When it comes to auctions, one would think that they’ve seen it all. From prized artworks by legendary painters such as Picasso, Salvador Dalí or Jean-Michel Basquiat, to rare diamond-encrusted pieces of jewellery and a fancy pink diamond ring that sold at S$116 million, it is truly jaw-dropping to think how much one would pay for a rare collectable item. You can splash that money on a lot of other things, anyway.
But would you consider buying a cabinet for S$50 million? According to a design report by Barnebys, top designer furniture now rivals art as a collectable investment. So forget pieces that only hang on your walls. If you’re going to pay millions for an antique, it might as well be functional, too. And why buy a regular chair, when you can invest in an extravagant, heritage-rich one that looks more like a throne — so you feel like royalty whenever you sit in it?
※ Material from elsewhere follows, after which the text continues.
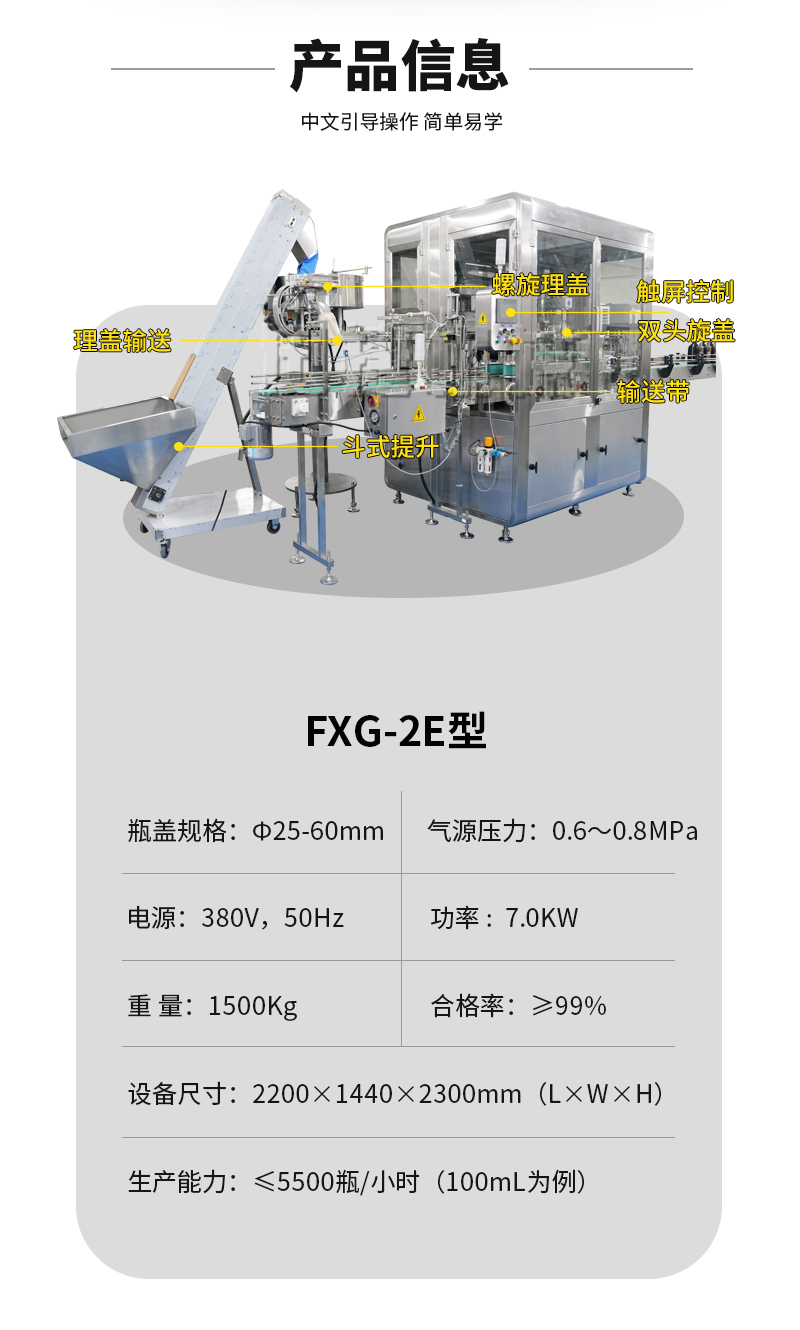 FXG-2E型全自動(dòng)雙頭跟隨式旋蓋機(jī)由理蓋輸蓋機(jī)構(gòu)、抓蓋旋蓋機(jī)構(gòu)、運(yùn)動(dòng)模塊、輸送機(jī)構(gòu)及控制系統(tǒng)組成。整機(jī)結(jié)構(gòu)簡單、調(diào)整方便。該設(shè)備為我司新研制,產(chǎn)品在移動(dòng)過程中,完成旋蓋動(dòng)作。區(qū)別于常規(guī)旋蓋機(jī),在旋蓋時(shí)需要停頓,會(huì)使物料晃出瓶口,污染瓶身。該機(jī)旋蓋不停頓,有效的避免了旋蓋停頓晃液,保持瓶身清潔。

From a chandelier that once belonged to King George II, to a dragon-inspired chair — which was one of late designer Yves Saint Laurent’s most treasured items — these are some of the world’s most expensive furniture pieces that have fetched millions at auctions.
(Featured image: Phillips)
A beautiful oak dining table by late Danish furniture designer, Peder Moos, broke the world auction record for a piece of Nordic design in 2015 — selling at a Phillips auction for around S$1.2million.
The one-off dining table was designed in 1952 for Villa Aubertin in Nakskov, Denmark, and features thin curved legs supported by wing-shaped braces.
Marc Newson’s Lockheed Lounge has been described as both sleek and flamboyant with references to futurism — with its unique shape that makes it look sensual and provocative. This was what landed it a starring role in Madonna’s 1993 Rain video.
The Lockheed Lounge has been featured in the permanent collections of major museums including the Vitra Design Museum, Weil am Rhein, and the Powerhouse Museum, as well as several private collections.
The Dragon Chair by designer Eileen Gray sold for S$34 million in 2009 to Paris art gallery owners Robert and Cheska Vallois (who specialise in Art Deco items) — deeming itself as the most expensive piece of 20th-century furniture ever auctioned. The chair was owned by designer Yves Saint Laurent, who was a fan and collector of Gray’s work.
The Dragon Chair features a sculpted wooden frame which was lacquered brown-orange and silver — along with two sculptural arm supports that are modelled as intertwined bodies of two dragons.
The 18th-century Florentine ebony chest is truly a grand masterpiece, with its lavish adornments of amethyst quartz, agate, lapis lazuli, and other precious stones.
Once owned by Prince Hans Adam II of Liechtenstein who donated it to the Liechtenstein museum in Austria, the Badminton Cabinet was sold at a Christie’s auction for S$50 million. It was named after a country house in Badminton, Gloucestershire.
Sold at more than S$12.5 million at a Christie’s auction, the Givenchy Royal Hanover German chandelier by Balthasar Friedrich Behrens is the most expensive chandelier to have ever gone under the hammer.
The chandelier is crafted with acanthus fixtures and motifs of horses, lions and flowers, was was originally made for George II by legendary architect William Kent.
Believed to be crafted by English cabinet maker Thomas Chippendale, the Harrington Commode, a chest of drawers, sold for S$6.8 million at Sotheby’s in 2010 — more than three times its estimate. It is fashioned in gilt-lacquered brass, rosewood and tulipwood, and decorated with marquetry details.
The Harrington Commode also set the world record for the most expensive piece of English furniture sold at an auction, a title held by a George II Parcel-Gilt Padouk Cabinet-on-Stand, also attributed to Chippendale.